If you have never run trails before, don’t hesitate to ask someone you know who does run trails often to run with you and show you the ropes or ask where local trails are. It can be important to learn the ins and outs of what I often refer to as my “Happy Place.” This is especially important because sometimes you will happen upon a mountain biker. Don’t expect them to stop for you. It’s a courtesy to step aside for them because as a runner, you have more control than they do on their bikes. Arrows typically show you which way to go and just like on ski slopes, those black diamond markers you may see off on a side loop… well those are for more technical paths. At least in my city. Check to see that this is the same for yours. 

Speaking of technical and thinking of shoe types: the types of trails also vary from those black diamond technical loops to super “green” loops that are flat surfaces with an amazing canopy of leaves and wonder over your head that will keep you cooler this summer. We all know that it’s cooler in the shade in the summer, but it’s even more pleasant to run through the shaded trails in the summer. Even in the winter, trails feel warmer to me when it’s cold outside. I love it. So protected. So much to explore. So many trees to consider climbing…and things to play on… AshetonBrown_052516_0266

With all of that said, there are a few things to keep in mind when going for even the shortest of trail runs:

  1. Leave the trails as you found them. That’s a given no matter where you go. Let’s protect this gorgeous planet of ours. Don’t leave trash, destroy nature, do stupid things. Please and thanks!
  2. Tell someone where you are running, if you are running alone on trails. I typically don’t see anyone when I run trails, so it’s good practice to let someone know your location and time period of when they should hear from you again.
  3. If it has just borderline monsooned for a day or two or five in a row: don’t go run the trails. I love a good mud run but that may tear the trails up, and others, especially if mountain bikers ride those trails, well they may hate you for it. Additionally, your chances of injury may increase depending on the level of slick the trails are if you are new to the trail running game. Ankle strength is key.
  4. Bugs! During the summer months, be sure to check yourself for ticks after your run and if you feel the need, spray yourself before your run with bug spray. My theory: if you keep moving the bugs won’t have time to bite you! I hate bug spray.
  5. Consider packing a small cooler with a damp wash cloth, icepack, and extra water bottles {one plain and one with electrolytes!}. While you may not need extra water on the trails for a short run, these items can still be pretty awesome to have after a summer run! It’s crucial to stay hydrated in the summer months!

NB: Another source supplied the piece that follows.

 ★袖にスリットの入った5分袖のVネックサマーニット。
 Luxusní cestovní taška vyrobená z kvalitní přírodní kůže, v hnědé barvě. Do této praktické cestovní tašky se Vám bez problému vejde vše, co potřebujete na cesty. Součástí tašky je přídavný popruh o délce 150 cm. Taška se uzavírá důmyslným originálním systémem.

  6. Most parks and trails have water fountains scattered throughout their parks which gets rid of your need to carry water bottles. UNLESS you are practicing your fueling for a marathon or you will be out for more than 45 minutes on a hot summer day and there aren’t actually water sources around.
  7. Learn your trail signage and stay on the path. I don’t hate getting semi-lost on new trails if I’m not on a timeline, but remember some trail loops have funny turns and you don’t want to go off the path and into some poison ivy if you’re allergic.

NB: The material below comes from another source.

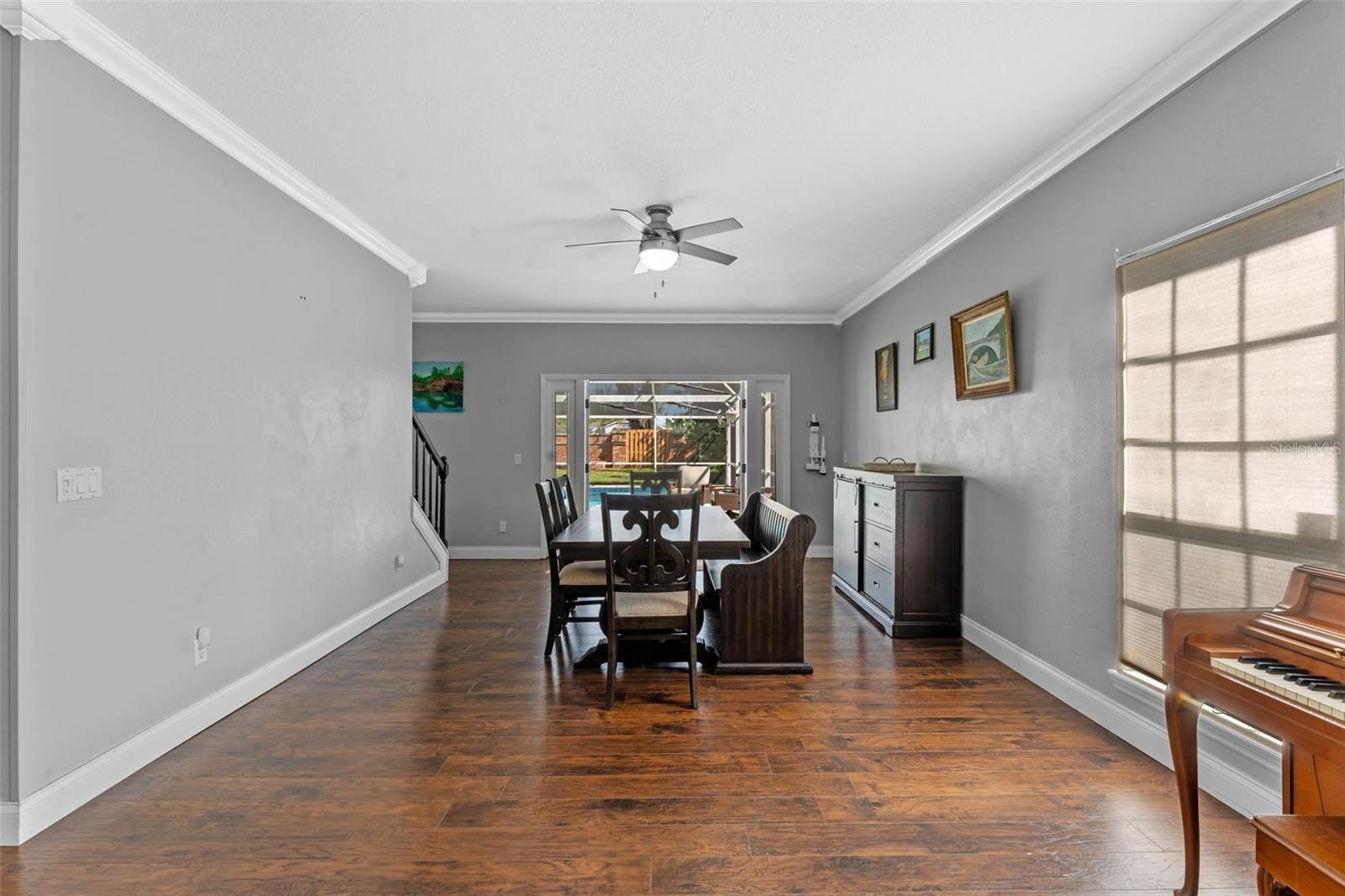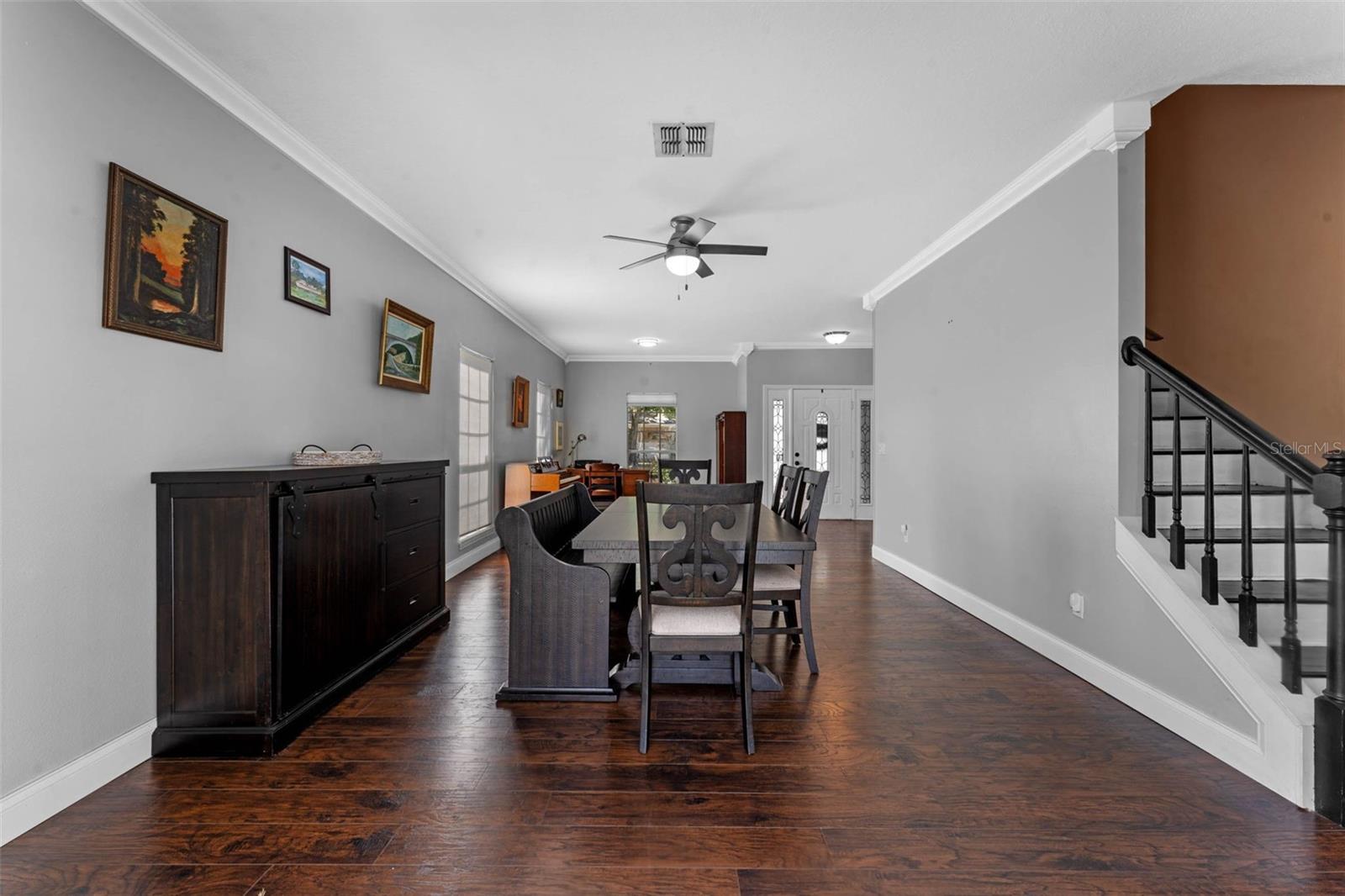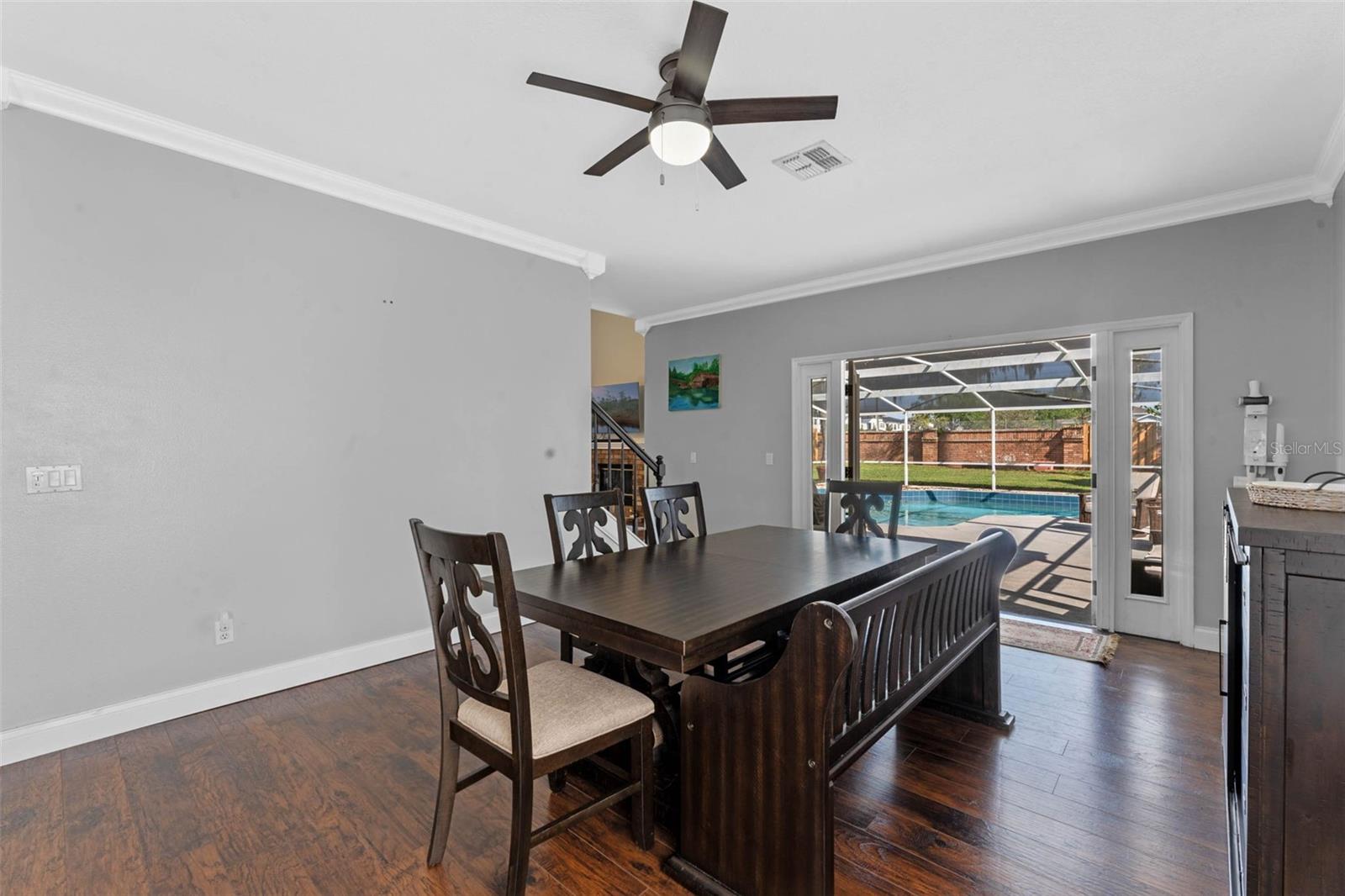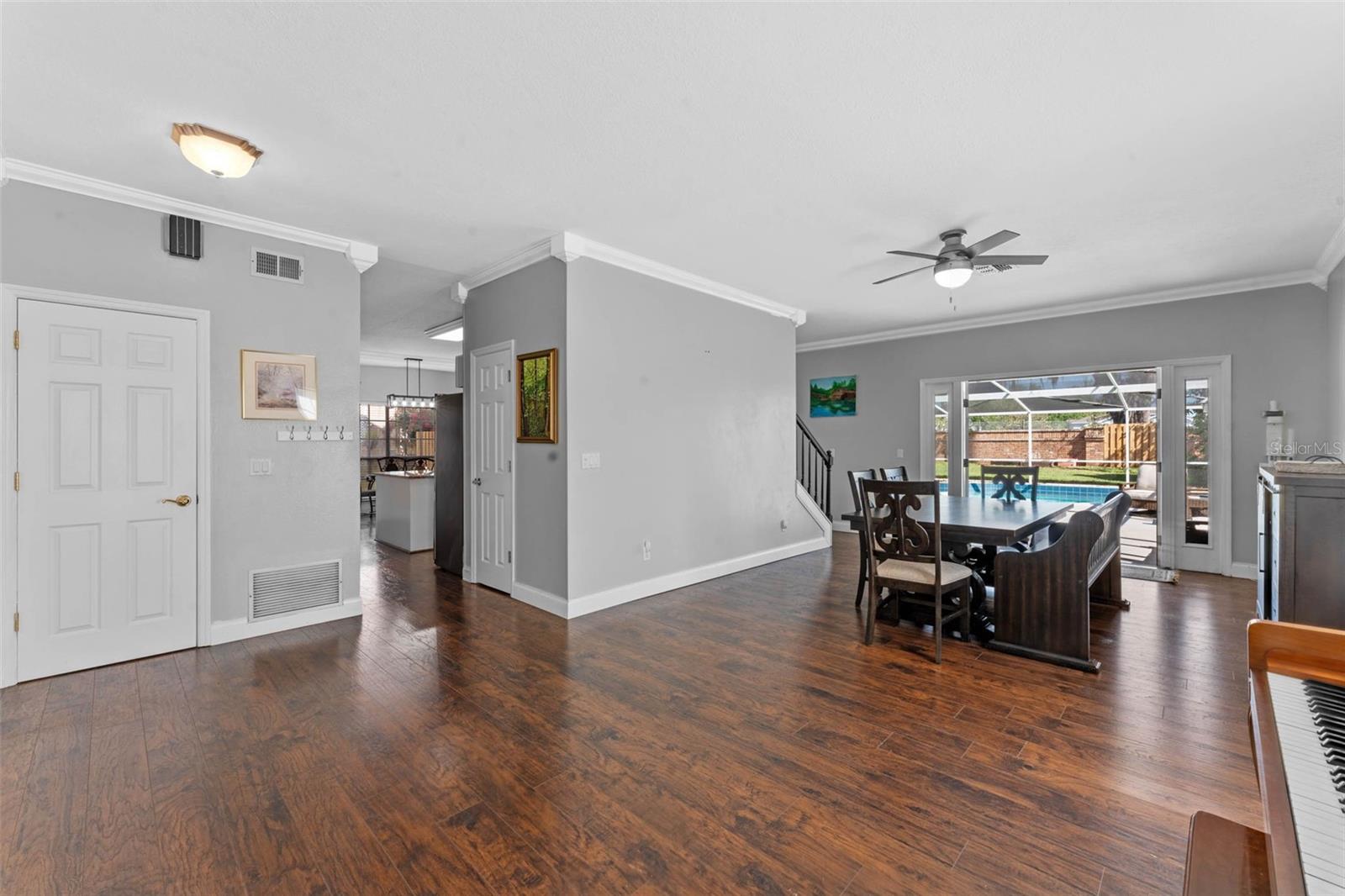 Nestled in a quiet community in Oviedo, just minutes from SR 417, top-rated schools, and countless shopping, dining, and entertainment options, this great home is ready to welcome the family on-the-go! Lush, mature landscaping, new driveway and garage door, and 2019 ROOF greet you upon approach to this beautiful, brick-faced home. Walk through the front door into a home flooded with natural lighting, neutral paint, TALL CEILINGS WITH CROWN MOLDING, and LAMINATE FLOORING that runs throughout. A spacious combination living and dining room opens to the patio via FRENCH DOORS, creating seamless indoor/outdoor living and the ideal space for entertaining and large family gatherings. The spacious, combination kitchen and family room is the true heart of the home - complete with wood-burning fireplace, patio access, and soaring ceilings. The kitchen is complete with white cabinetry, miles of GRANITE COUNTERTOPS, STAINLESS APPLIANCES, BUILT-IN DOUBLE OVENS, arched brick stovetop surround, island, spacious breakfast bar, and dinette. The laundry room, with garage access, and a half bath, for convenience, round out the first floor of the home. Upstairs you will find the primary suite, three secondary bedrooms, and a secondary bathroom. The spacious primary suite boasts DOUBLE WALK-IN CLOSETS, pool views, tall ceilings, and UPDATED EN-SUITE BATHROOM, complete with large double-sink vanity and beautifully tiled shower. The three secondary bedrooms offer tall ceilings, ceiling fans, and large closets while the secondary bathroom boasts a double-sink vanity and shower/tub combo. WHOLE HOUSE WATER TREATMENT SYSTEM stays with the home. $3,500 value! Out back, a covered patio opens to a large pool deck with private pool, all under screen enclosure. The large private pool is perfect for escaping the hot Florida sun with a game of Marco Polo or pool float. This all overlooks a large yard with NEW FENCE, perfect for letting your little ones and pets run around without worry, and SHED, great for all your storage needs. This home is zoned for Rainbow Elementary, Tuskawilla Middle, and Lake Howell High School. Rainbow Elementary is rated #1 in Seminole County Public Schools District Elementary Schools, according to U.S. News & World Reports. Don’t miss out on your chance to call this home your own!

  8. IF YOU MUST, DO NOT RUN WITH BOTH EAR PHONES IN. This is so dangerous on the road, but especially in the woods. You need to be aware of your surrounding always. I just finished testing out and getting a pair of new rad ones that actually sit on the outside of our ears. Safe. Awesome. 

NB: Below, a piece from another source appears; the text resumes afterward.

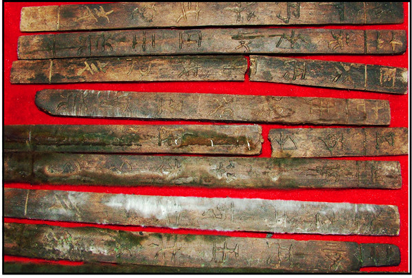 年代久远的竹签水书 水书文字的结构多为象形,它保留着水族远古文明信息。在水族地区,水书仍被广泛使用,被人们誉为“象形文字的活化石”。

While those last two may have been threatening and daunting, they’re really no big deal. Ok, the last one is a big deal to me. However! Those who cut and clear trails try to get rid of the bad stuff for everyone! Trails are all about having fun and playing and adventure. They’re about getting outside and exploring. When I stopped running for roughly 7 years, the one thing that got me back on track to doing what I love were my hometown trails after I graduated college. I haven’t stopped running since…injuries don’t count.